- What is being asked: Write out exactly, with both ends included, the lines that run from the line containing "HISTORIC CHURCH CEMETERY & OLD HALL" to the end of the entries. Pictures are not part of the answer.

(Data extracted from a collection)
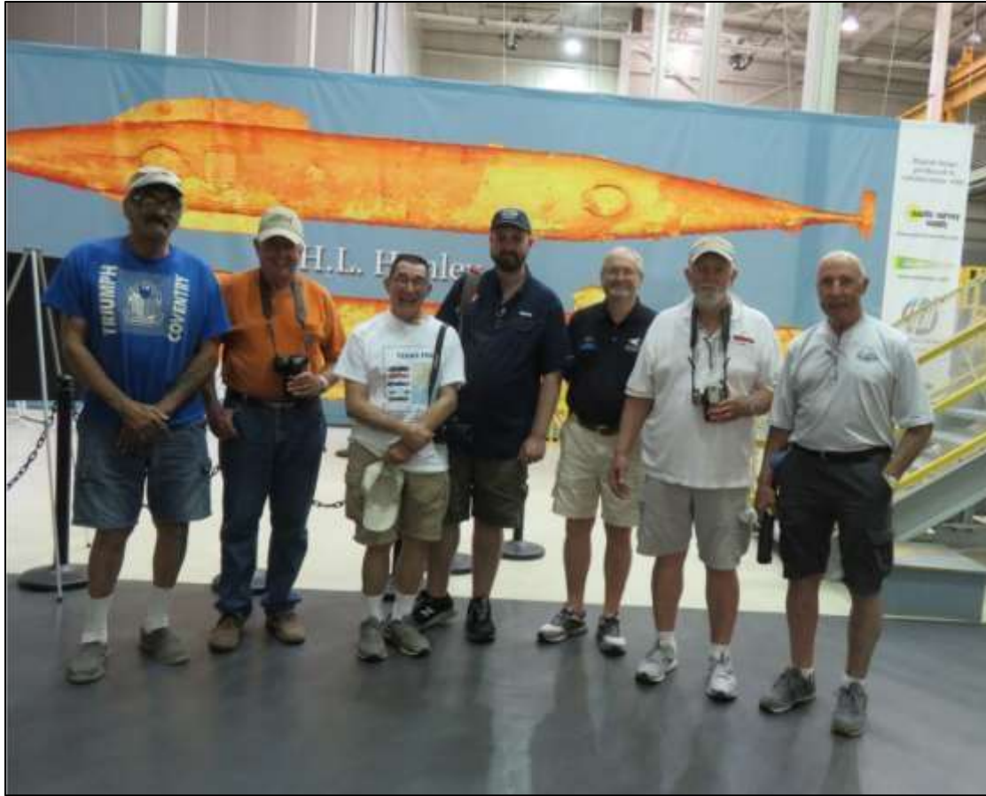
Tour group that visited the H.L. Hunley Museum with tour guide.
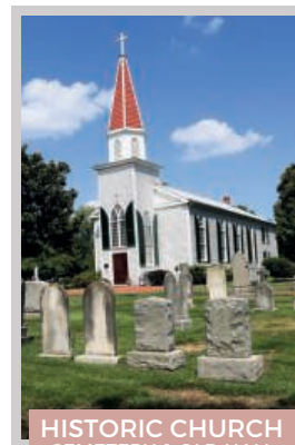
HISTORIC CHURCH CEMETERY & OLD HALL

5222 Sideburn Road Fairfax, VA 22032 Parish Center Office Hours M-T 8:30am-8:30pm W-F 8:30am-4:00pm
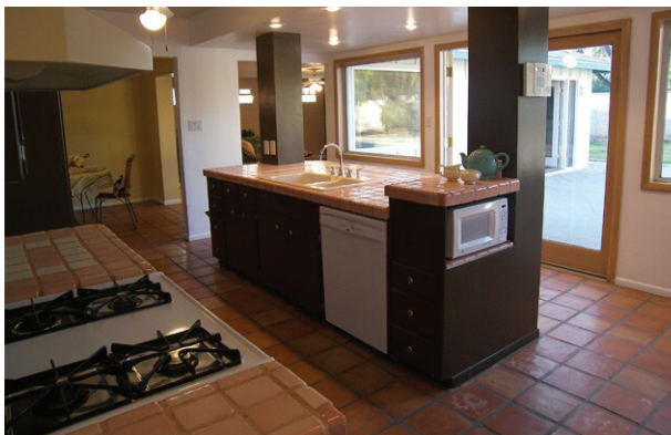
The roomy kitchen is the heart of this home...
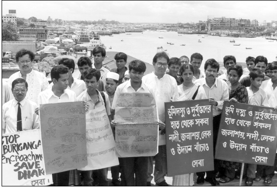
Bangladesh Paribesh Andolon forms a human chain on the 2nd Buriganga Bridge yesterday demanding steps to prevent encroachment on the Buriganga.
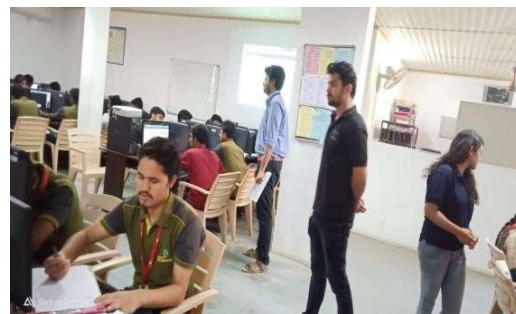
Students performing Experiments in Virtual Labs
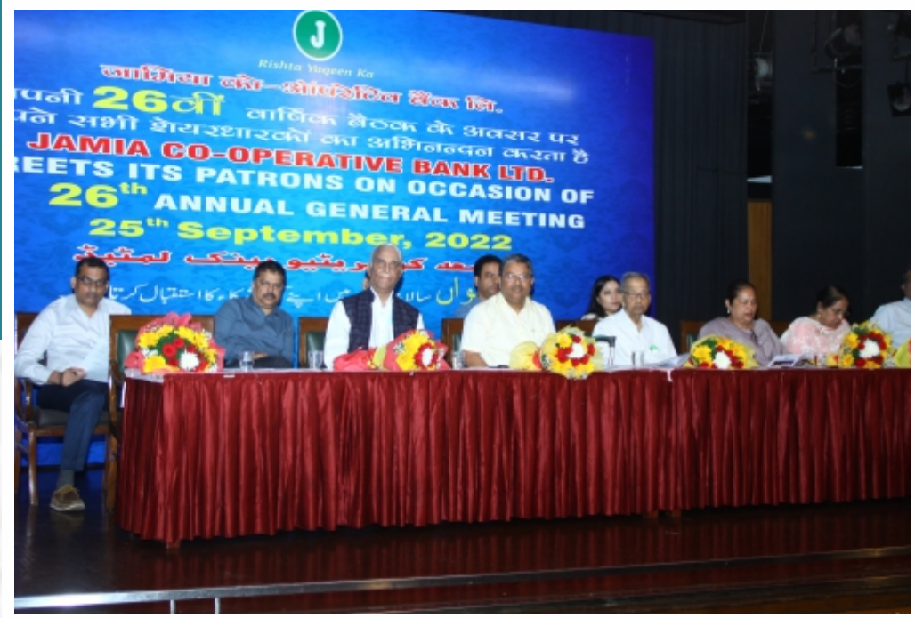
Board of Directors of the Jamia Cooperative Bank Ltd. On the occasion of 26th Annual General Meeting of the Bank held on 25th September, 2022

Batla House : 011-41775324 (IFSC Code : UTIB0SJCB01) Sarai Jullena : 011-40538942 (IFSC Code : UTIB0SJCB02) Abul Fazal Enclave : 011-46022336 (IFSC Code : UTIB0SJCB03) Madanpur Khadar : 9311421693 (IFSC Code : UTIB0SJCB04) Zakir Nagar : 011-47360124 (IFSC Code : UTIB0SJCB05) Sangam Vihar : 011-71219807 (IFSC Code : UTIB0SJCB06) Jasola Village : 011-45642786 (IFSC Code : UTIB0SJCB07) Badarpur : 011-26660209 (IFSC Code : UTIB0SJCB08)

- Solution to this problem:
HISTORIC CHURCH CEMETERY & OLD HALL

5222 Sideburn Road Fairfax, VA 22032 Parish Center Office Hours M-T 8:30am-8:30pm W-F 8:30am-4:00pm
The roomy kitchen is the heart of this home...
Bangladesh Paribesh Andolon forms a human chain on the 2nd Buriganga Bridge yesterday demanding steps to prevent encroachment on the Buriganga.
Students performing Experiments in Virtual Labs
Board of Directors of the Jamia Cooperative Bank Ltd. On the occasion of 26th Annual General Meeting of the Bank held on 25th September, 2022

Batla House : 011-41775324 (IFSC Code : UTIB0SJCB01) Sarai Jullena : 011-40538942 (IFSC Code : UTIB0SJCB02) Abul Fazal Enclave : 011-46022336 (IFSC Code : UTIB0SJCB03) Madanpur Khadar : 9311421693 (IFSC Code : UTIB0SJCB04) Zakir Nagar : 011-47360124 (IFSC Code : UTIB0SJCB05) Sangam Vihar : 011-71219807 (IFSC Code : UTIB0SJCB06) Jasola Village : 011-45642786 (IFSC Code : UTIB0SJCB07) Badarpur : 011-26660209 (IFSC Code : UTIB0SJCB08)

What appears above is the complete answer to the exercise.